Stored data entries
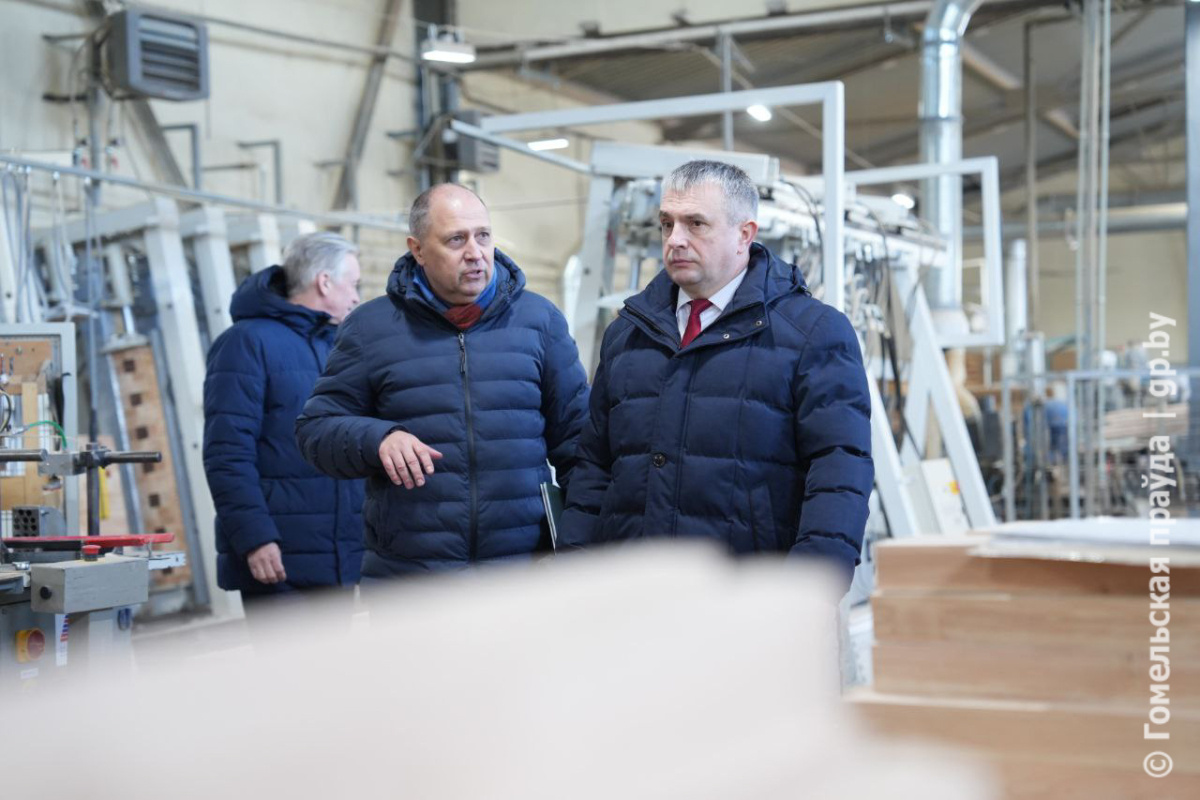 Председателю облисполкома Ивану Крупко рассказали о технологии изготовления столов и стульев, руководитель ознакомился с производственными мощностями предприятия, посетил цеха.
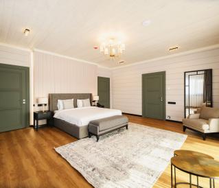 Площадь 196 квадратных метров, две комнаты, двуспальная кровать KING SIZE 180х200.
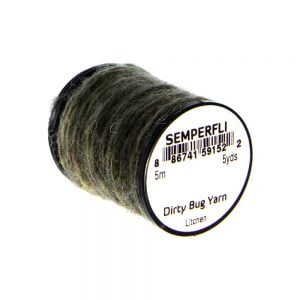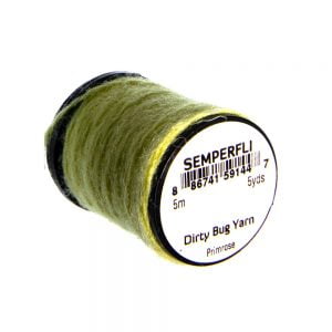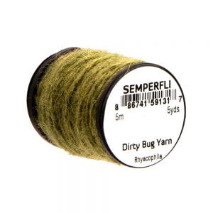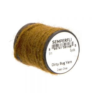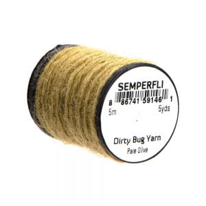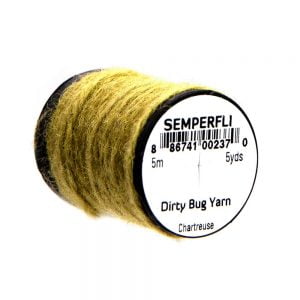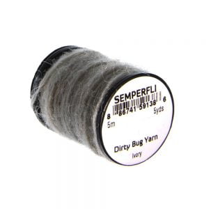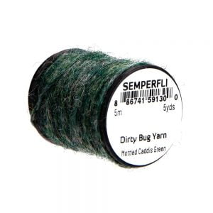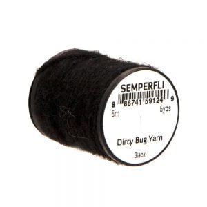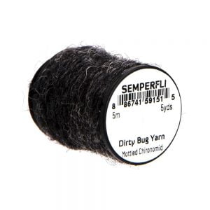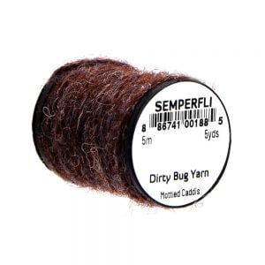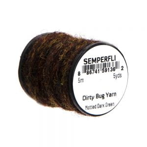 Dirty Bug Yarn er tilvalið sem búkefni eða kragi í púpur, en hentar einnig í straumflugur, rækjur og þurrflugur. Efnið kemur raunar í stað hefðbundins dubbs, þar sem mörgum litum er blandað saman til að ná fram tilteknu útliti. Þó er hægt er að blanda saman ólíkum þráðum ef þörf krefur. Efnið er fáanlegt í fjölmörgum litasamsetningum sem gaman er að leika sér með. Á hverju kefli eru 5 metrar af þessu frábæra efni.
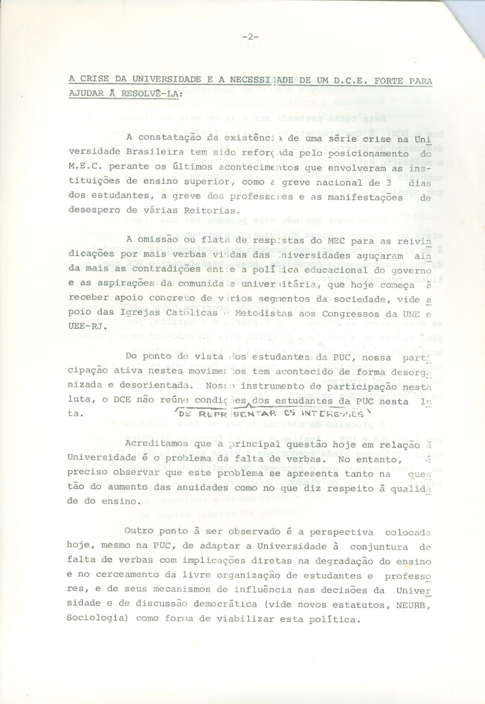 Página 02. Meio de discussão sobre o DCE. MEC, greve de estudantes e de professores, problema de verbas, UNE, UEE, problema das anuidades, NEURB.
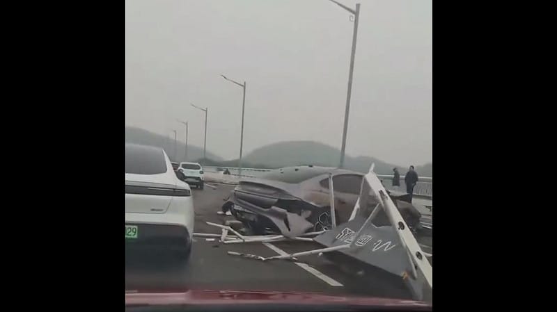 X 推主“李老师不是你老师”指出,10 月 17 日上午 7 点,位于湖北省武汉市的车谷大道公路发生了一起车祸事故,一辆小米SU7 在左前轮撞倒到路中央的护栏后,直冲对向车道,并与一辆货车发生碰撞。随后,该辆 SU7 的左前轮车轴断裂,轮胎独自耸立在车祸现场约 10 米外的道路上。

What needs to be done
Skip every picture and return the lines above from the top through the one that contains "Página 02. Meio".

Answer space
 Председателю облисполкома Ивану Крупко рассказали о технологии изготовления столов и стульев, руководитель ознакомился с производственными мощностями предприятия, посетил цеха.
 Площадь 196 квадратных метров, две комнаты, двуспальная кровать KING SIZE 180х200.
 Dirty Bug Yarn er tilvalið sem búkefni eða kragi í púpur, en hentar einnig í straumflugur, rækjur og þurrflugur. Efnið kemur raunar í stað hefðbundins dubbs, þar sem mörgum litum er blandað saman til að ná fram tilteknu útliti. Þó er hægt er að blanda saman ólíkum þráðum ef þörf krefur. Efnið er fáanlegt í fjölmörgum litasamsetningum sem gaman er að leika sér með. Á hverju kefli eru 5 metrar af þessu frábæra efni.
 Página 02. Meio de discussão sobre o DCE. MEC, greve de estudantes e de professores, problema de verbas, UNE, UEE, problema das anuidades, NEURB.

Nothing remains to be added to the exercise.